/wasm-ylinker

Linker & post-processor for WebAssembly binaries. It part of the toolchain for generate and manipulate wasm for the wasm kernel project and rtld enabled binaries. It objectifies the binary and allows manipulation of everything from exports, section to raw instruction trough JavaScript.

Primary LanguageJavaScript

wasm-ylinker

linker & post-processor for WebAssembly binaries.

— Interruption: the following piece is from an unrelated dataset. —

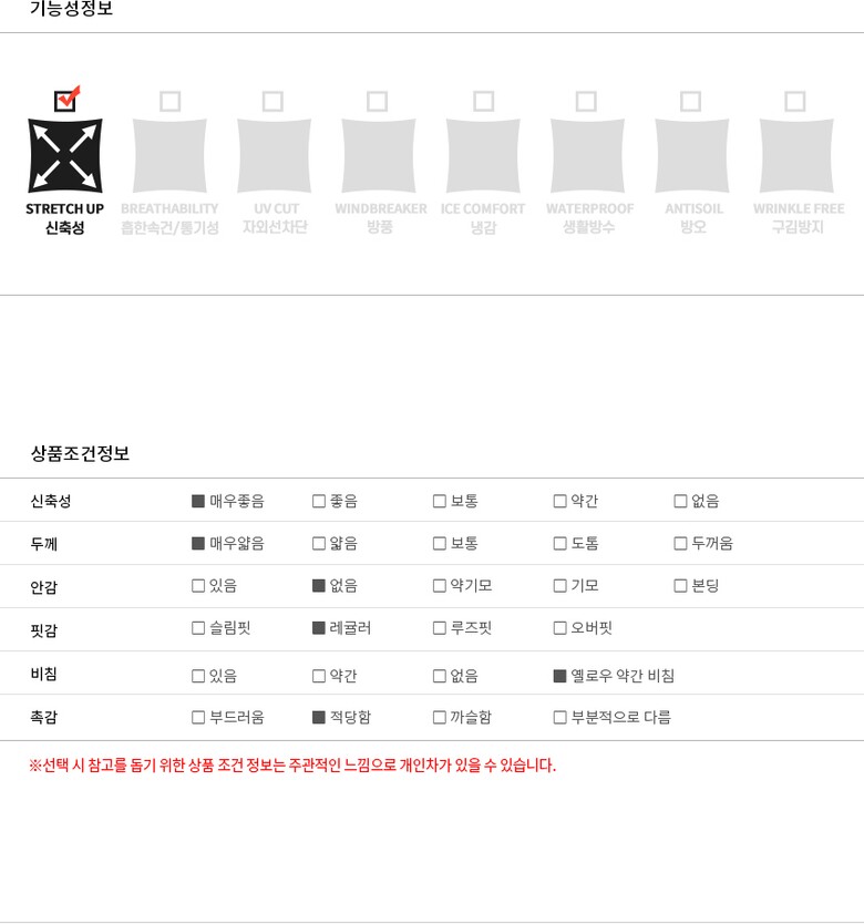 | 1. 제품 소재 (섬유의 조성 또는 혼용률을 백분율로 표시, 기능성인 경우 성적서 또는 허가서) | 상세설명참고 |

This project began as a simple inspection tool to view whats defined within a WebAssembly binary, but did grow into a library and tooling for manipulation of binaries. The manipulation is based around a objectification of the entire binary down to the bytecode level. Which enables a placeholder import function to be replaced by a byte-code instruction or a sequence of such.

building

# from the repo directory run one of the following commands:

rollup --config build/web.wasm-info.config.mjs --sourcemap
rollup --config build/bin.wasm-ylinker.config.mjs --sourcemap
rollup --config build/bin.wasm-info.config.mjs

./bin/wasm-ylinker

A drop-in replacement for wasm-ld (clang lld) linker which bundles *.bc files into a final binary. Perfomance wise this is alot slower than clangs linker but allows for finegrained manipulation at the linking stage. My current uses are for:

  • generating binaries which can be weakly dynamically linked at runtime (using WebAssembly.Table rather than exports) which generates .dynsym and .dynstr data-segments simular to elf.

./bin/wasm-info

Command-line version of dist/wasm-info which can be runned from build-scripts.

./dist/wasm-info

GUI for inspection of binaries. Drag 'n drop support and also supports running the same "workflows" as bin/wasm-info

Runtime Dynamic linking

For the most part runtime dynamic linking only makes sense when using the same library in multiple executables or a single executable with optional loaded plugins which might not be needed everytime the program is runned. But is not the common case for most WebAssembly binaries. Unlike the proposal for dynamic linking this approach is based around a concept which is more similar with elf and uses relocation at runtime, for both data-symbols and function, The performance after relocation is the performance difference of call vs indirect_call which in theory at best would be a i32 == i32 compare before the actual call, as this binding of runtime linked function is weak it also allows for circular dependencies without the use of a intermediate JavaScript-side function which acts a weak binding. For data-symbols there should not be any performance difference.

Roadmap

  • finalize the format of rtld.exechdr and rtld.dylink0 custom section.
  • unification of post-processing extention API for both wasm-info and wasm-ylinker phasing out the building-block based approach for sake of simplicity.
  • Imrovements to the arrangement of data-symbols; how these are put in each data-segments affects unused memory space. Optimization such as reducing page-fault (virtual memory swapping) can be reduced but is almost impossible to optimize for.
  • further cleanup of source code and repo layout.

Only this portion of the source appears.